TASK DIRECTIONS
Find the "مردم مشهد با" line in the records below and repeat it and every later line exactly, up to the last; do not include pictures.

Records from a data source
+++

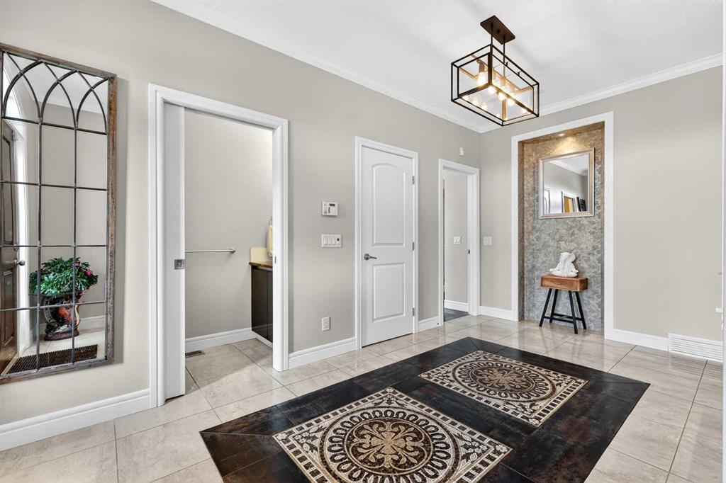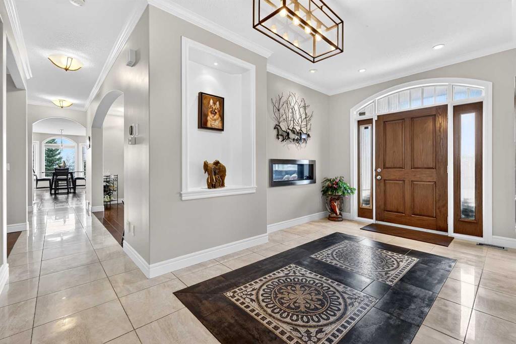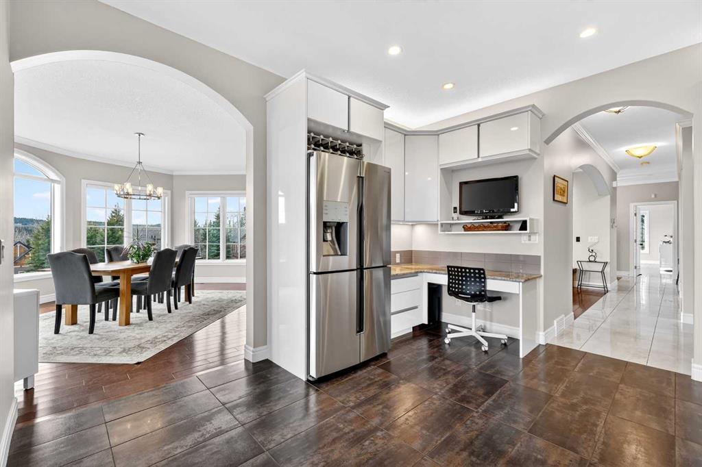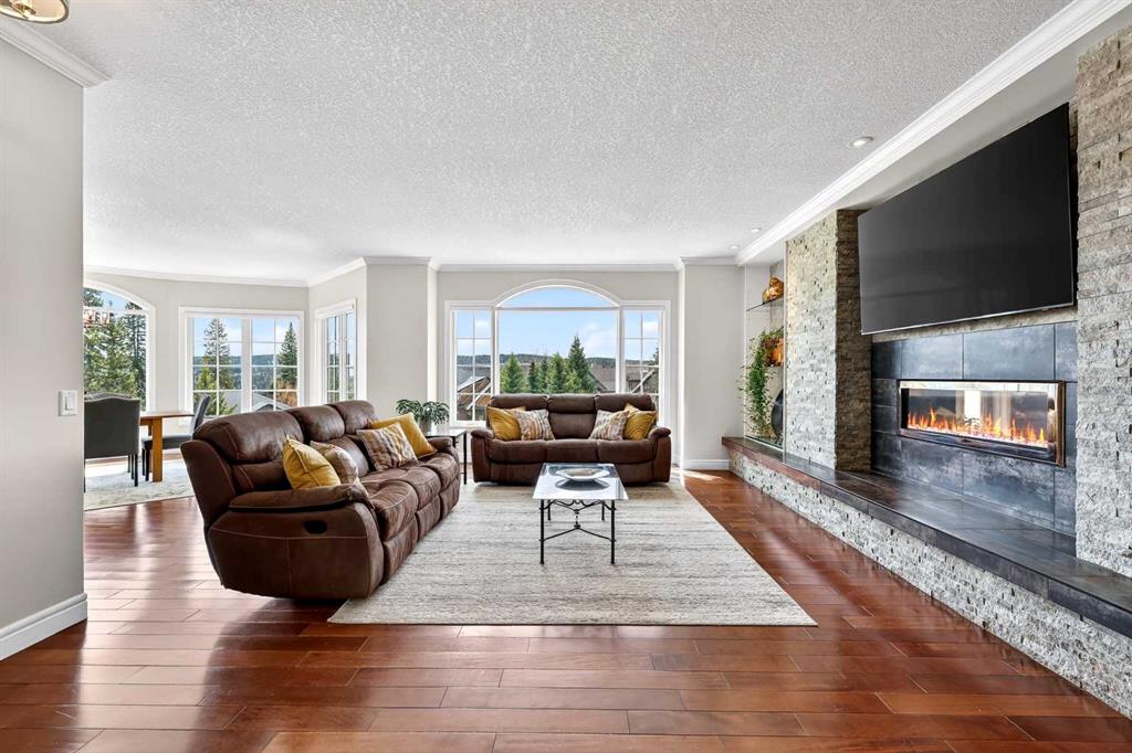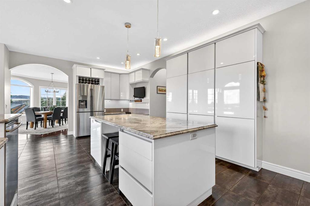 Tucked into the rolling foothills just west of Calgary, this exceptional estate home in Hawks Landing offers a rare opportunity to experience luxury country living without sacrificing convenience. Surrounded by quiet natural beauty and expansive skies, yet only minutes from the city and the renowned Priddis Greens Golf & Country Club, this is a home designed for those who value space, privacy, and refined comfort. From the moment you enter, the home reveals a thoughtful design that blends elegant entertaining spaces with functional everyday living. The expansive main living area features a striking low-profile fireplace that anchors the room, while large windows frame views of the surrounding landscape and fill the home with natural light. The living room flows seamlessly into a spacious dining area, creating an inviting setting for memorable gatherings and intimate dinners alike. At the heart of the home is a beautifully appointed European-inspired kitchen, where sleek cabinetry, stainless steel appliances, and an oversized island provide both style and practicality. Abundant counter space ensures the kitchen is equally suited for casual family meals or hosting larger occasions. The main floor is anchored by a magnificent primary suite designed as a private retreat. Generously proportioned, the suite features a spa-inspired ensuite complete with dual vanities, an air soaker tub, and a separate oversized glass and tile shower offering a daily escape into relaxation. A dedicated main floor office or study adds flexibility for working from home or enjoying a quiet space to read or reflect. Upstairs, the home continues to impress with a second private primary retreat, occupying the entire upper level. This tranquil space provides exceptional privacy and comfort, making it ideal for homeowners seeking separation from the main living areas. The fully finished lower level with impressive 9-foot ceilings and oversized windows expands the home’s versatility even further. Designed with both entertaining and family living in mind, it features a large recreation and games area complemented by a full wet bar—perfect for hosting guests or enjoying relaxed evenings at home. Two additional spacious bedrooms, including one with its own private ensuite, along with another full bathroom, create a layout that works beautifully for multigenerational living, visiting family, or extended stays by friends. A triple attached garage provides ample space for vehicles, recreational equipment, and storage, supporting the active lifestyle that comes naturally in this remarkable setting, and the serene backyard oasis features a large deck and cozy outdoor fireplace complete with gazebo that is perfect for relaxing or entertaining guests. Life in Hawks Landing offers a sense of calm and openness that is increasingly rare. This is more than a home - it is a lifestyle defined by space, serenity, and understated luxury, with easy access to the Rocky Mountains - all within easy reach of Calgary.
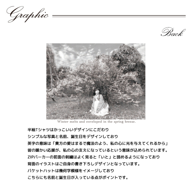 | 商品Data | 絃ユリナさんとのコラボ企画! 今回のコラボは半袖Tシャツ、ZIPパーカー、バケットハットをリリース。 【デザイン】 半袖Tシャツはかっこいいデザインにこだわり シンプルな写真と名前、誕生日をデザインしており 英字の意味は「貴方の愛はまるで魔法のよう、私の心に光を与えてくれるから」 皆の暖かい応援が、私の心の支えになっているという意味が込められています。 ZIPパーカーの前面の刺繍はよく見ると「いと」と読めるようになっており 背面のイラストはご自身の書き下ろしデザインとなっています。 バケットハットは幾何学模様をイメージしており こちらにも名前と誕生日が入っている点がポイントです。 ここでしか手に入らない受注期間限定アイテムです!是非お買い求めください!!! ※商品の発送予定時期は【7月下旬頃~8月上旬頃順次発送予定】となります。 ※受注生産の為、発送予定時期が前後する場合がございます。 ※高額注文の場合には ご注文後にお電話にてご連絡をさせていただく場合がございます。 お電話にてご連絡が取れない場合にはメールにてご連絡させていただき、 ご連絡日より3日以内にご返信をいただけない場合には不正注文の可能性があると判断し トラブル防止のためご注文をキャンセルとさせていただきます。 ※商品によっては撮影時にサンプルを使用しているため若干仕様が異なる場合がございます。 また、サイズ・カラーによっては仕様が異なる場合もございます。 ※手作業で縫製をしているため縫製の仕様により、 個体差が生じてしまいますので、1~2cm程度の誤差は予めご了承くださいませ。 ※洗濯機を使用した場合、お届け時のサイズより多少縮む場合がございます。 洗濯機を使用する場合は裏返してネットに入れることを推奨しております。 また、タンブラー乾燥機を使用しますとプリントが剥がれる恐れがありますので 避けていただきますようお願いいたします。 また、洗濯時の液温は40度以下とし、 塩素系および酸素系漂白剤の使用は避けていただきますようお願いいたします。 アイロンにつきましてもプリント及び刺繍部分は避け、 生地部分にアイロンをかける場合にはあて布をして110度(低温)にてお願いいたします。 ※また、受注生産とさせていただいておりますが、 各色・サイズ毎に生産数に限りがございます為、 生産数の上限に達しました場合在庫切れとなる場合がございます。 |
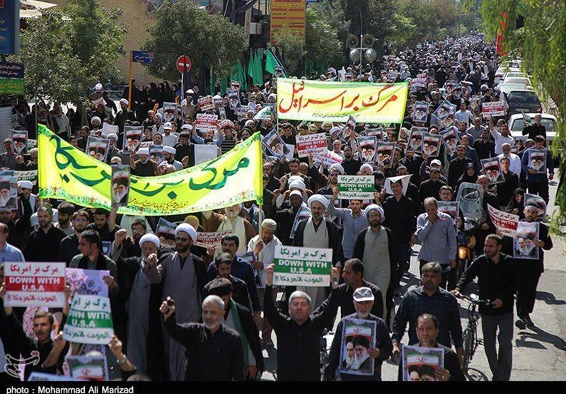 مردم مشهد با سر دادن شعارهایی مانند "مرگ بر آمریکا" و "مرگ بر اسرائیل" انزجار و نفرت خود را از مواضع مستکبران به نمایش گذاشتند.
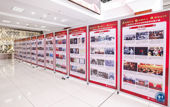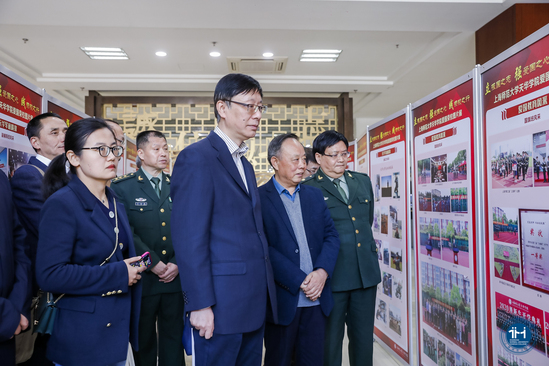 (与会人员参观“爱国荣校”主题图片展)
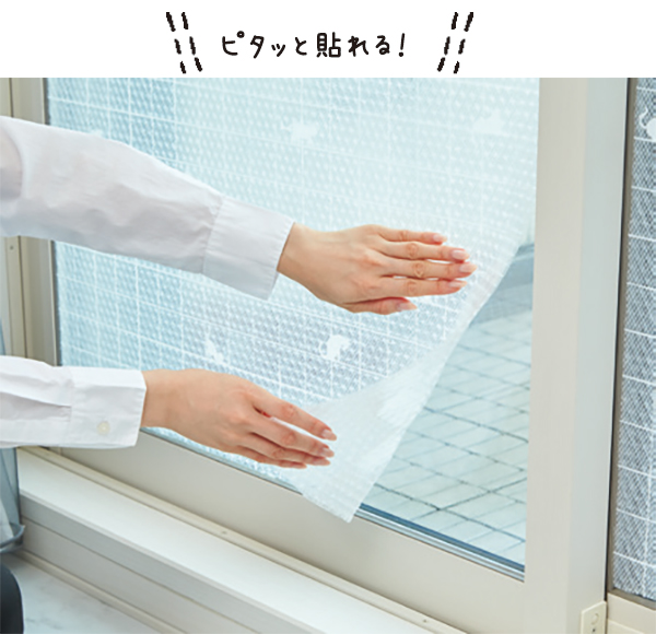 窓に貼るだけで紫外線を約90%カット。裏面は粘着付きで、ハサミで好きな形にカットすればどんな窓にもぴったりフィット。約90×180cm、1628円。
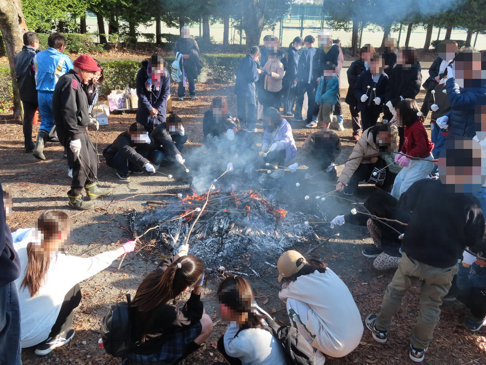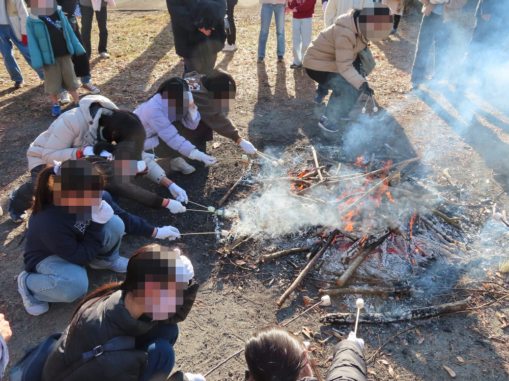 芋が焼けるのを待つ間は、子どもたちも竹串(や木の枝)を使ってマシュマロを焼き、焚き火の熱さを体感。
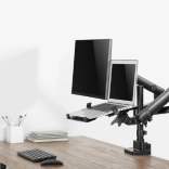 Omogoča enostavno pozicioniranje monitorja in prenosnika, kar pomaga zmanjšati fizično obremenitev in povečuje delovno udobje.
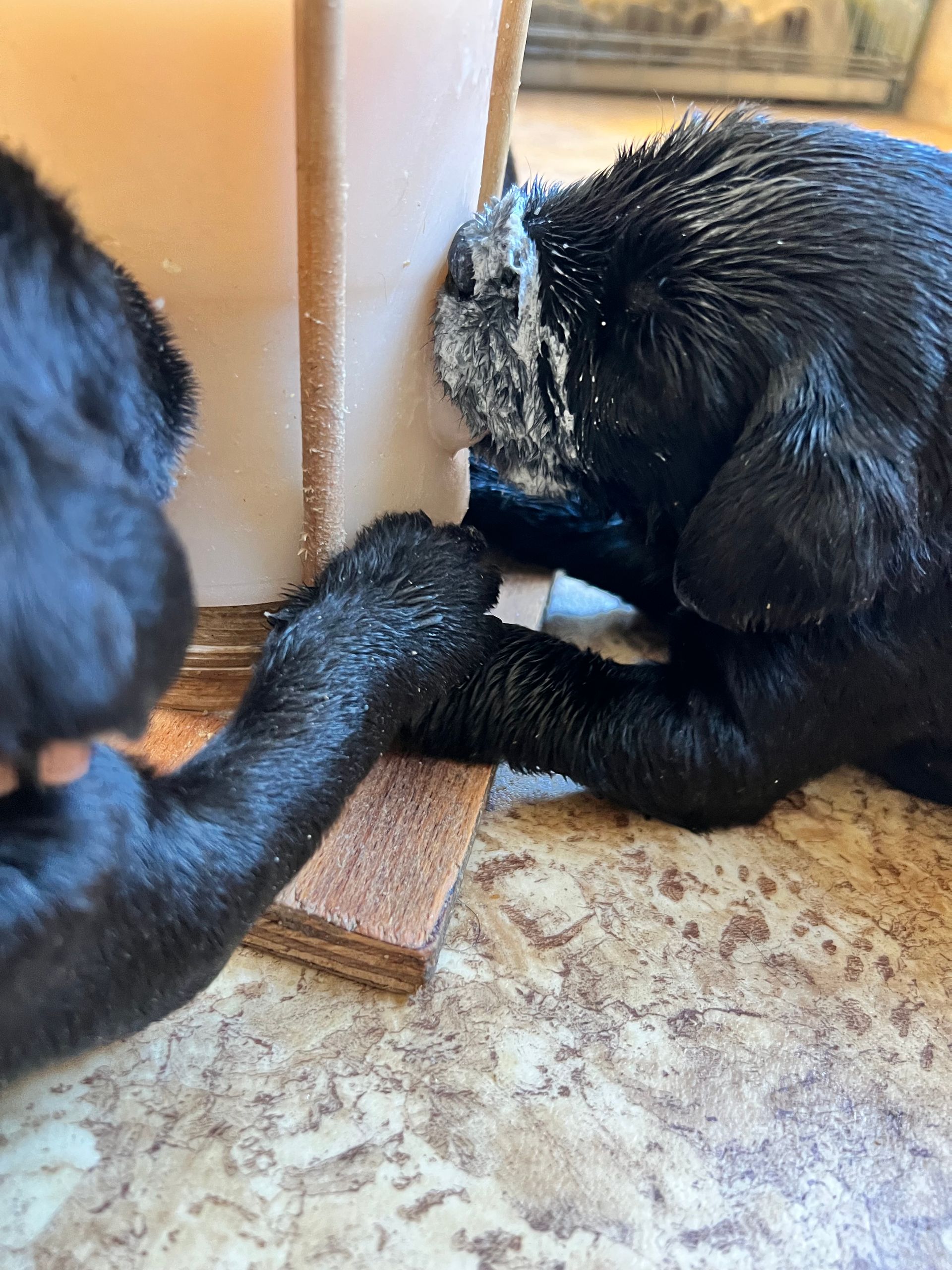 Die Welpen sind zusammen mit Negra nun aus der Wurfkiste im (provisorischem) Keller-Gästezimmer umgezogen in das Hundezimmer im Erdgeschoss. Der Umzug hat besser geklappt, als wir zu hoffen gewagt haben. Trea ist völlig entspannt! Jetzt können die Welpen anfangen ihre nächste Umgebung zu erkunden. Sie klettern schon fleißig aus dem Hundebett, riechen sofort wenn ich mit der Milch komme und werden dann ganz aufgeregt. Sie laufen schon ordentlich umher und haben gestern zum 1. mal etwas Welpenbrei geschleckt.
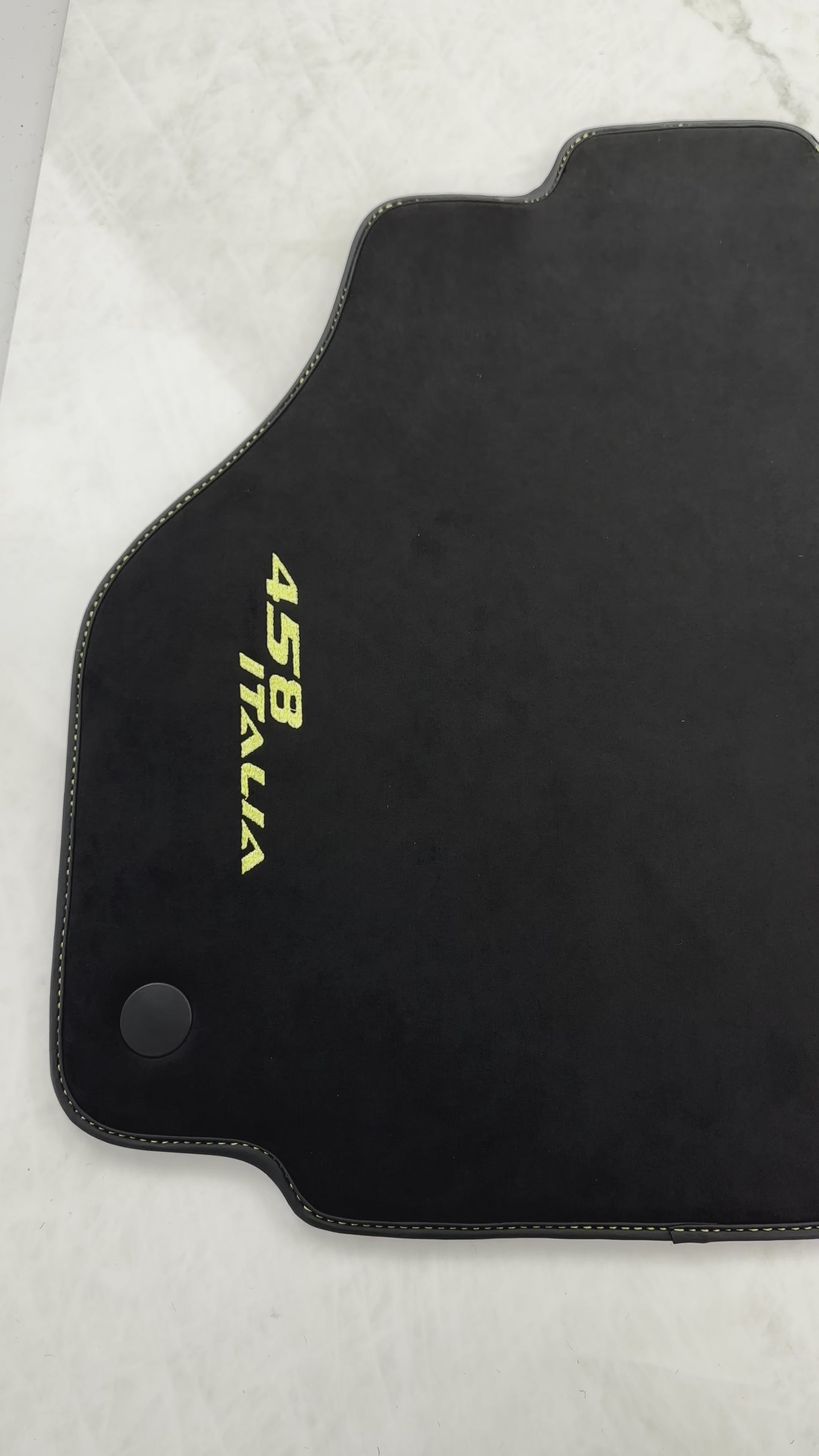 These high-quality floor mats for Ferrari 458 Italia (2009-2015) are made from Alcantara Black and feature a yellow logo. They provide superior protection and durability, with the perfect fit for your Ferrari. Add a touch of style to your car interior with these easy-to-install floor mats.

+++

FINAL ANSWER
 مردم مشهد با سر دادن شعارهایی مانند "مرگ بر آمریکا" و "مرگ بر اسرائیل" انزجار و نفرت خود را از مواضع مستکبران به نمایش گذاشتند.
 (与会人员参观“爱国荣校”主题图片展)
 窓に貼るだけで紫外線を約90%カット。裏面は粘着付きで、ハサミで好きな形にカットすればどんな窓にもぴったりフィット。約90×180cm、1628円。
 芋が焼けるのを待つ間は、子どもたちも竹串(や木の枝)を使ってマシュマロを焼き、焚き火の熱さを体感。
 Omogoča enostavno pozicioniranje monitorja in prenosnika, kar pomaga zmanjšati fizično obremenitev in povečuje delovno udobje.
 Die Welpen sind zusammen mit Negra nun aus der Wurfkiste im (provisorischem) Keller-Gästezimmer umgezogen in das Hundezimmer im Erdgeschoss. Der Umzug hat besser geklappt, als wir zu hoffen gewagt haben. Trea ist völlig entspannt! Jetzt können die Welpen anfangen ihre nächste Umgebung zu erkunden. Sie klettern schon fleißig aus dem Hundebett, riechen sofort wenn ich mit der Milch komme und werden dann ganz aufgeregt. Sie laufen schon ordentlich umher und haben gestern zum 1. mal etwas Welpenbrei geschleckt.
 These high-quality floor mats for Ferrari 458 Italia (2009-2015) are made from Alcantara Black and feature a yellow logo. They provide superior protection and durability, with the perfect fit for your Ferrari. Add a touch of style to your car interior with these easy-to-install floor mats.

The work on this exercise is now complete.